3.8 Security hardening (application and supply chain)

Section titled “3.8 Security hardening (application and supply chain)”
  • Dependencies: Pin versions; SBOM; automated CVE scanning on images and lockfiles.
  • Secrets: No secrets committed in repos; use secret manager / K8s secrets / IAM roles.
  • Process: Run as non-root in containers; read-only root filesystem where possible; capability drop.
  • Headers: Strip or validate forwarded headers; prevent header injection in logs.
  • Input validation: Reject unexpected JSON fields if strict mode is desired; validate bank_id format and length.
  • Base image: Minimal, pinned digest; regular rebuilds for CVE patches.
  • Multi-stage build: Optional, to reduce attack surface and size.
  • Image signing: Cosign / policy in cluster to verify signatures.
  • Resource limits: CPU/memory requests and limits; avoid OOM under load.
  • Probes: Kubernetes liveness and readiness using the endpoints from §3.5.
  • Classification: Tag banks or payloads per data class if required (data-governance.md).
  • Retention and legal hold: Align with memory-lifecycle.md; block deletes when under hold.
  • Audit log: Immutable audit stream for retain/forget/admin actions (who, when, bank, outcome).
  • Residency: Ensure stores and LLM regions meet data residency requirements.
  • PII: Configure barriers / PII policy deliberately; document false positive handling (policy-layer.md).
  • Load testing: Establish p95/p99 under target QPS and payload sizes; test cold start and warm pools.
  • Connection pools: HTTP clients to LLM and DBs use bounded pools and sane keep-alive.
  • Horizontal scaling: Stateless replicas; sticky sessions only if you introduce local-only state (avoid).
  • Cost controls: Token and spend caps aligned with homeostasis and product limits.
  • Contract tests: HTTP API vs OpenAPI; backward compatibility tests on /v1.
  • Integration tests: Real (or containerized) dependencies in CI for critical paths.
  • Security tests: AuthZ tests (tenant A cannot read tenant B), fuzzing on inputs, OWASP API checks.
  • Chaos / failure injection: Dependency failures (DB down, LLM timeout) produce expected errors and no data corruption.
  • Runbooks: Incident response, key rotation, scaling, failover, and rollback of releases.
  • Configuration rollout: Safe rollout of config changes (feature flags or staged deploys).
  • Backup and DR: Documented restore tests; RPO/RTO validated annually or on change.
  • On-call: Alert routing and escalation paths tied to SLOs.
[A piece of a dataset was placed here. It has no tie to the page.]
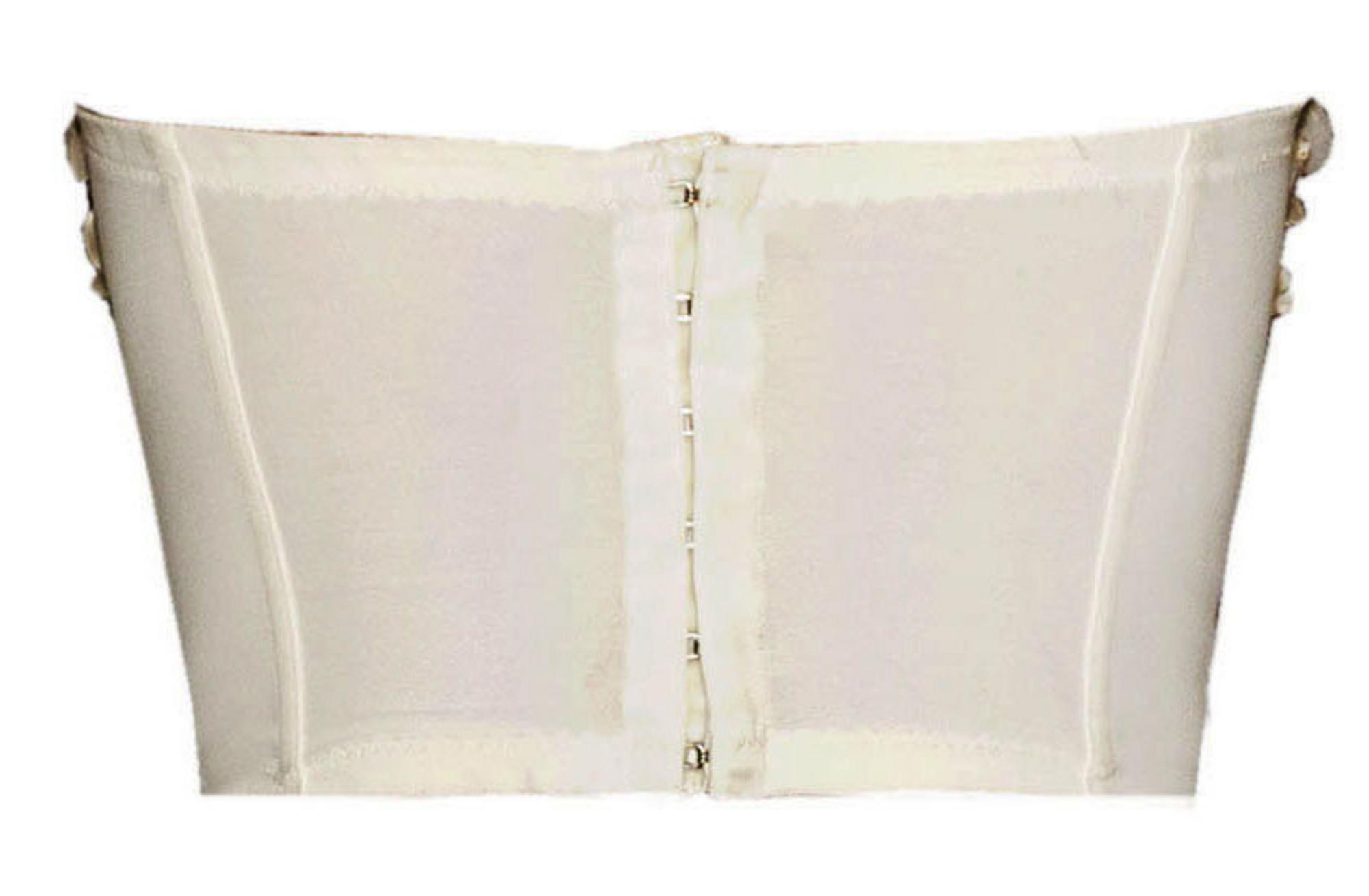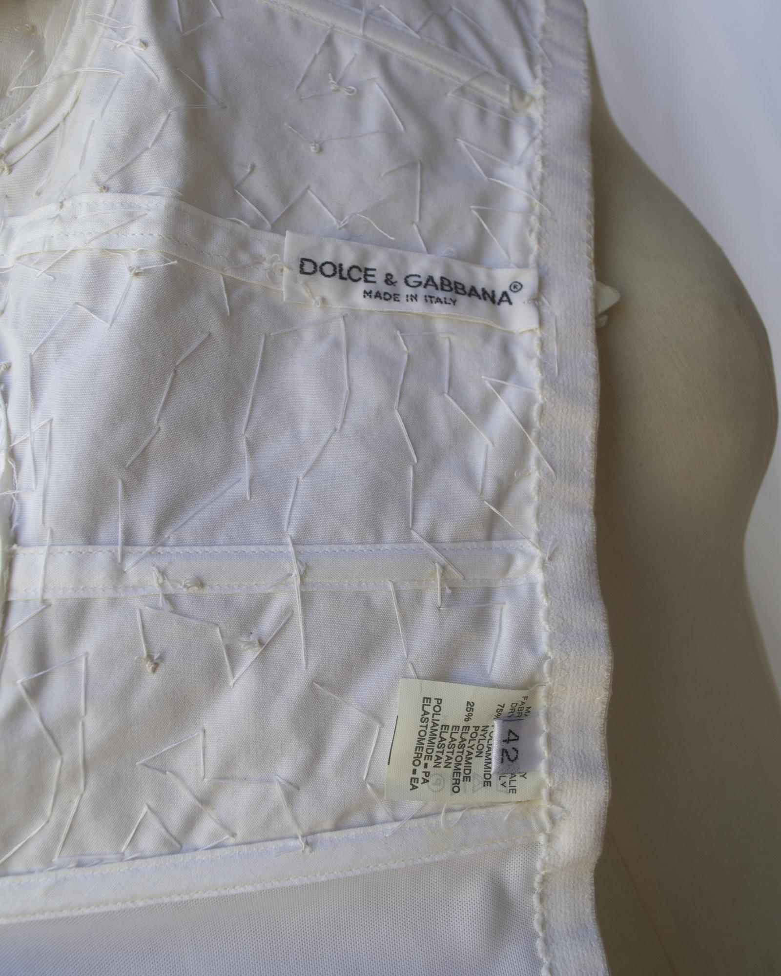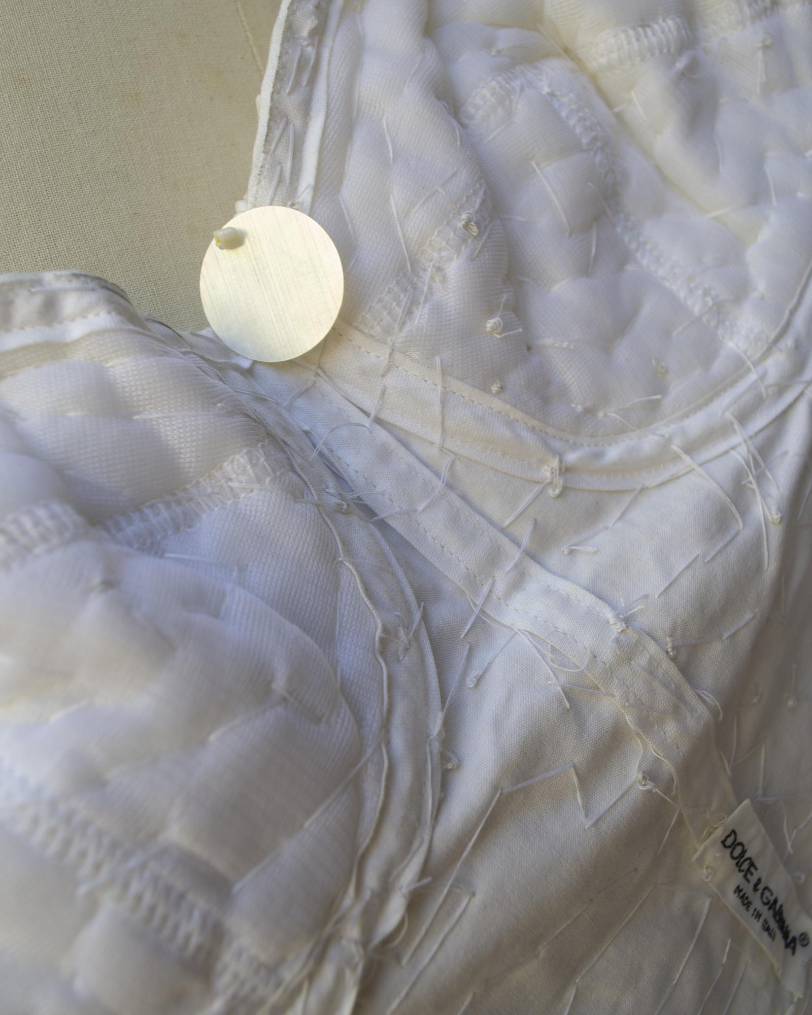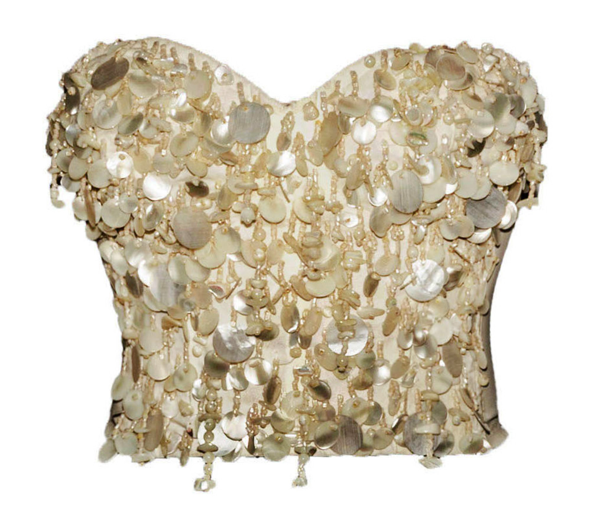 Raro corsetto da collezione del 1987. Fondo bianco completamente ricamato con paillettes in vera madreperla. Mai indossato. Taglia IT42, vestibilita' M, il tessuto di base e' corsetto elastico. Allacciatura centrale dietro con ganci. Made in Italy. Eccellente stato.

4. Reference REST service (astrocyte-rest)

Section titled “4. Reference REST service (astrocyte-rest)”

This repository ships an optional astrocyte-rest HTTP service that embeds astrocyte-py. It is a convenience for development and as a starting point for a custom deployment; it is not production-ready by default.

  • Demonstrate mapping HTTP JSON bodies to Astrocyte calls (retain, recall, reflect, forget) and optional X-Astrocyte-Principal.
  • Provide a Dockerfile so the stack can be run locally or in a sandbox without writing a host app.

4.2 Current behavior (non-production defaults)

Section titled “4.2 Current behavior (non-production defaults)”
  • Tier 1 pipeline resolved from config: defaults are in_memory vector store and mock LLM (entry points on astrocyte-py). Optional YAML / env can select other registered providers or module:Class paths (for example pgvector after installing astrocyte-pgvector). Data is not durable when using the built-in in-memory stack.
  • Access control defaults to off when no config file is loaded; when you enable access_control in YAML, access_grants and banks.*.access are loaded from config and applied via set_access_grants (see §5). You still need a deliberate prod policy—do not rely on defaults.
  • Identity: ASTROCYTES_AUTH_MODE selects dev (trusts X-Astrocyte-Principal only—use only behind a trusted gateway), api_key, or jwt_hs256 (Bearer JWT, sub → principal). This is a starting point for §3.2, not a full IdP integration (no OIDC discovery, JWKS, or per-key store yet).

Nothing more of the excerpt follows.